As Flounder finds new people to follow, every day for two or three days those users get a notification that we have favorited one of their amazing, brilliantly written tweets. They don’t get spammed incessantly with unwanted contact. They just get pinged, casually and unaggressively a few times.
The first day using Flounder I noticed that @exversiondata had followed my friend Jay who I often converse with over twitter. So the damn thing works, awesome.
The second thing I noticed is that @exversiondata is suddenly following the twitter accounts of the guy who made Flounder and Flounder’s parent company– SNEAKY BITCHES!! Although I suppose given what I’m up to I don’t have the right to complain. LOL. Okay whatever, they can have a follow back if they want. I don’t mind.
By the end of the day I not only had a couple follow backs, but a query from someone who wanted to use our service for a big scary data project, and a handful of new followers not at all connected to this scheme (thanks Twitter algorithms!). The rate of follow backs stayed at 10%~15% throughout the whole experiment.
This was a big surprise. If you had asked me before this experimented started I would have said simply following someone was not enough to entice them to follow you back. People are too cynical, too bombarded with corporate messaging, there are too many spam bots on Twitter. It will never work.
But it does work, maybe not as well as it did when Twitter was new and people were more naive but if you’re targeting individual users most likely to be interested in what you’re doing simply following people does still have an impact.
And that’s not even the best part of this experiment. The most dramatic change was in traffic from Twitter, which more than tripled in a week. This is the data on referrals from Twitter, starting a month ago … can you tell when this experimented started?
Even more impressive is how much longer these the average visitor stayed on the site during this experiment:
Slow Burn Hacking
The growth was gradual, a few people pinged every day, but effective. After all, too much and we would have risked attracting negative attention from Twitter itself, which sort of defeats the point doesn’t it?
As much as we all wish for the excitement of instant explosions of growth, the slow burn is harder to track and more closely resembles legitimate user behavior.
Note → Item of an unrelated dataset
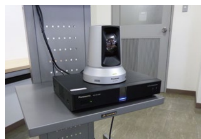
会議室に設置された本体と専用カメラ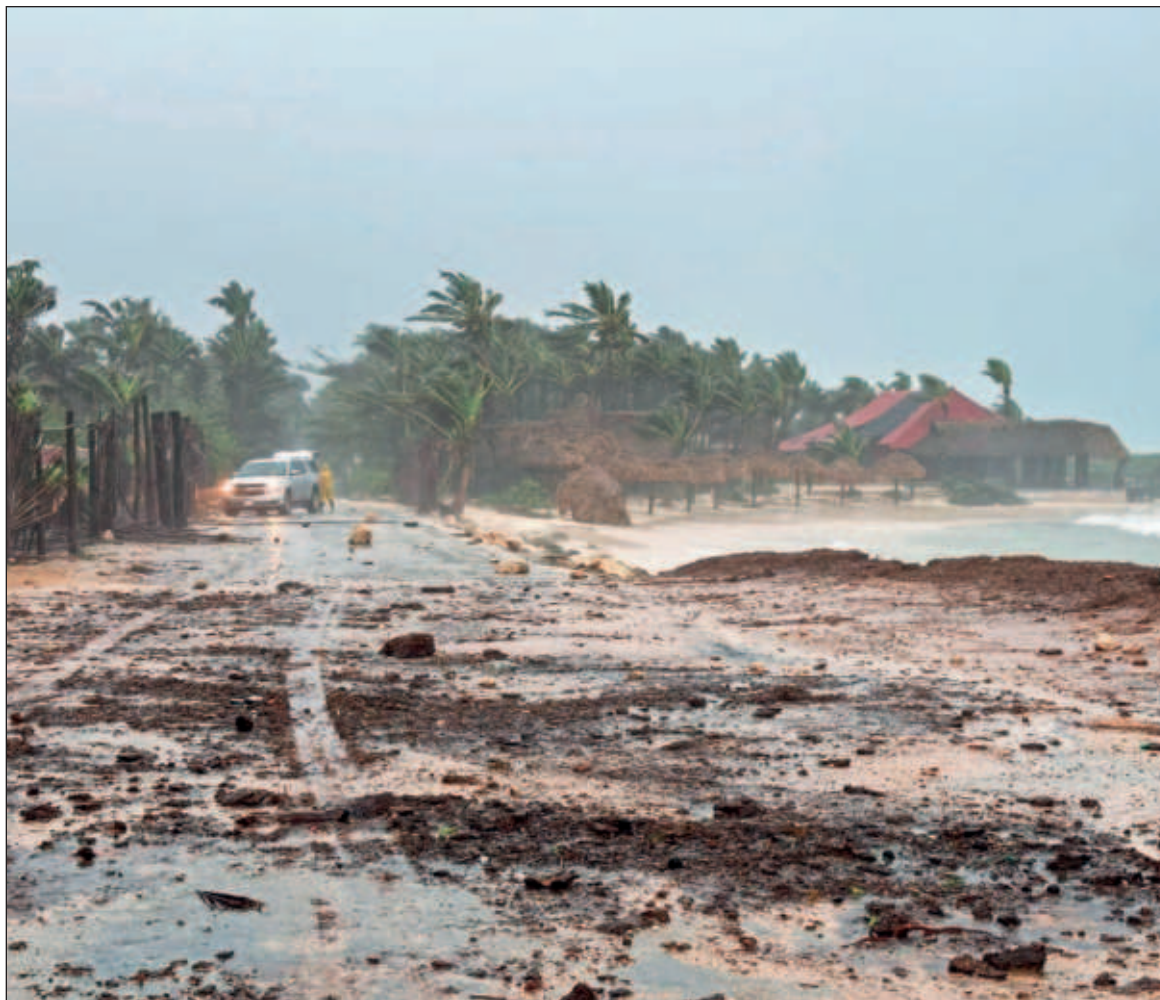
▲ “El cuidado del ‘otro’ parece una cuestión distante. Se agudiza la vulnerabilidad de algunas poblaciones ante ciertos fenómenos naturales. La indiferencia ante las afectaciones pareciera ser rampante; año tras año, los riesgos aumentan en cada período de huracanes, más no las acciones para remediar la desigualdad social”.

VOCES COMO LAS anteriores, tan antiguas como recientes, pueden vincularse con el concepto de vulnerabilidad, relacionado con el rasgo común humano de estar expuesto a un daño. Esta noción no se vive del mismo modo, sino según la diversidad de condiciones preexistentes, como políticas y sociales. ¿Qué tanto la vulnerabilidad del pueblo maya ante los huracanes es producto de marcos históricos, económicos y sociales ajenos? Las respuestas —tan amplias como los pronósticos meteorológicos— exceden a este texto. Pero vale cuestionarnos sobre la vulnerabilidad y su relación con elementos ajenos a la población maya, pero que acaba afectando: poco desarrollo e infraestructura

Because the bot doing the favoriting was only drawing from a pool of users identified through the networks of data companies it was unlikely to favorite something unsuitable by accident. In general it would only favorite three-four tweets a day and follow about 15~20 people a day hardly the kind of automatic management that tends to piss of Twitter. (Of course depending on how well this post does on HackerNews, we get be suspended tomorrow!)
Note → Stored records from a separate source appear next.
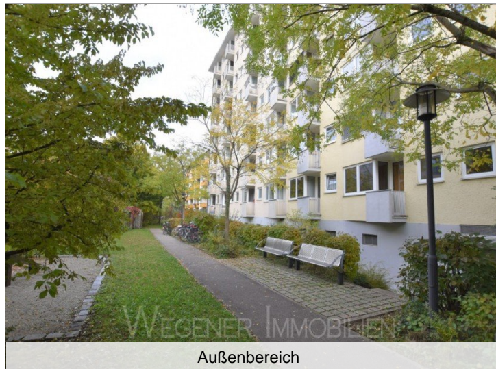
WEGENER IMMOBILIEN Außenbereich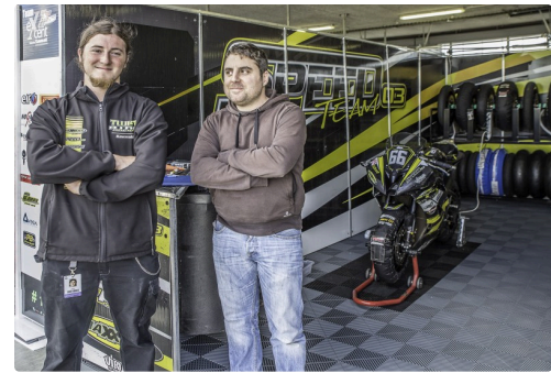
Chez Speed Team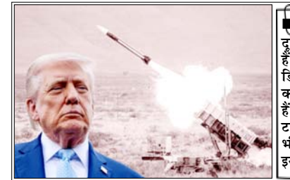
ये 600 मील से ज्यादा दूर तक मार कर सकती हैं और दुश्मन की एयर डिफेंस से बचकर हमला करने के लिए बनाई गई हैं, इसके अलावा टामहाक मिसाइलों का भी बड़े पैमाने पर इस्तेमाल हुआ

वाशिंगटन। ईरान के साथ 38 दिन चले युद्ध में अमेरिका ने अपनी कई अहम और महंगी मिसाइलें खर्च कर दीं। इनमें वो मिसाइलें भी शामिल हैं, जो चीन जैसे बड़े युद्ध के लिए सभालकर रखी गई थीं। अब अमेरिका का हथियार भंडार तेजी से कम हो रहा है। इस युद्ध में अमेरिका ने करीब 1100 लंबी दूरी की स्टीलथ मिसाइलें (जेएएसएसएम-ईआर) इस्तेमाल कीं। ये खास तौर पर चीन के खिलाफ इस्तेमाल के लिए बनाई गई थीं। इसके अलावा 1000 से ज्यादा टामहाक मिसाइलें, 1200 से ज्यादा पैट्रियट मिसाइलें और 1000 से ज्यादा दूसरी स्टाइक मिसाइलें भी दागी गईं। इस पूरे युद्ध पर 28 से 35 अरब डालर खर्च हुए।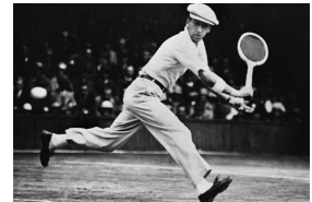
5. Marque de vêtements créée par un joueur de tennis de 1933 et qui porte son nom.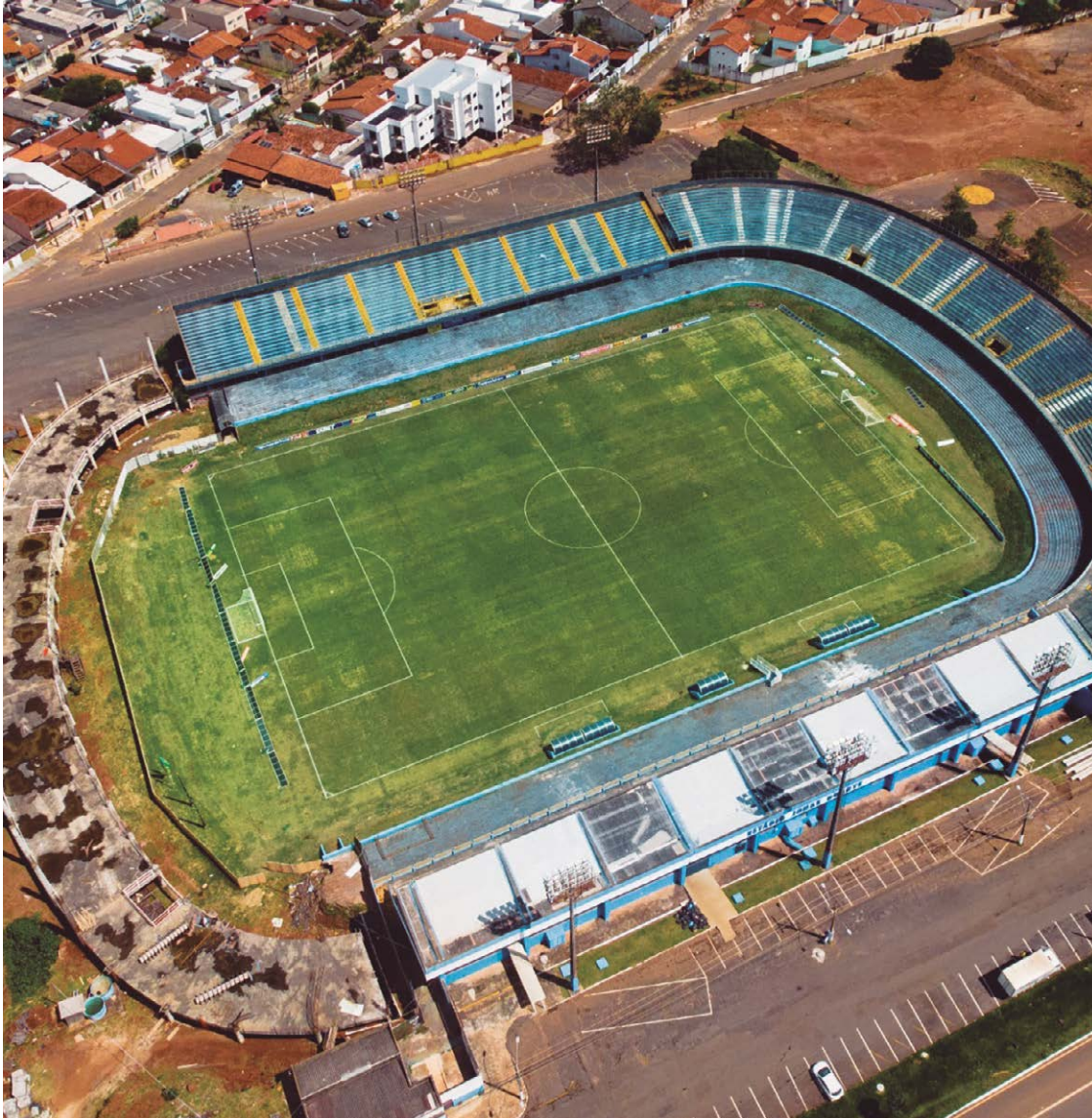
Informações iniciais dão conta que Estádio Jonas Duarte chega a custar R$ 2 milhões aos cofres da Prefeitura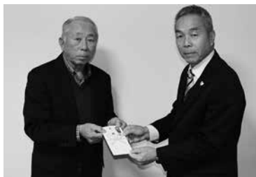
由布市庄内グラウンド・ゴルフ協会様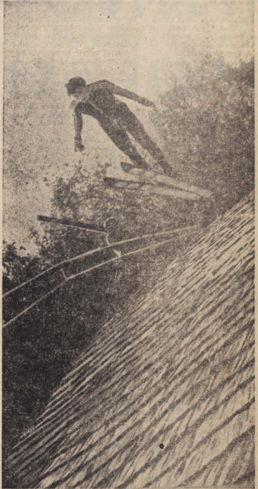
НА СНИМКАХ: в полете кандидат в сборную области для участия в стартах VII зимней Спартакиады народов РСФСР...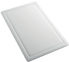
Tagliere in HPDE 8657 001

Other than occasionally picking up the odd random account (DominosCareers? Really?) the system was really quite good at identifying people we would otherwise want to follow anyway and helped us participate in some really interesting data conversations.
Another fun, incredibly evil, side effect of this kind of hack is that the people who are most likely to tweet a company directly tend to be customers with problems. So you are pinging people right when they are most likely to consider alternatives to whatever they are currently using.
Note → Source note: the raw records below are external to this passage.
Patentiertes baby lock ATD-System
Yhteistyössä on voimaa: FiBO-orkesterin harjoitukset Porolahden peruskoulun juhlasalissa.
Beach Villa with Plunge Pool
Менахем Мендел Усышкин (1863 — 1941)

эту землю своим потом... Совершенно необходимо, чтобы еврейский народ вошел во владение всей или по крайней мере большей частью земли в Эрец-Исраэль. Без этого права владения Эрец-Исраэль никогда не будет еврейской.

On the other hand, it’s hard to tell how effective this strategy will be outside the data community. Despite the great fanfare over “Big Data”, there are too many underserved areas. Only a handful of startups working on open data, version control, normalizing and cleaning data. A few more than that working on the collection of data itself. In other markets where every five minutes there’s another startup launching the same tactic may not have the same effect.
Still, what warms the evil core of my heart is the fact that the better your competition’s social media strategy is, the more effective they are at reaching out and developing conversations with potential customers, the easier it is for you to identify these people. Their outreach delivers the best potential evangelists for your project straight to your door, gift wrapped.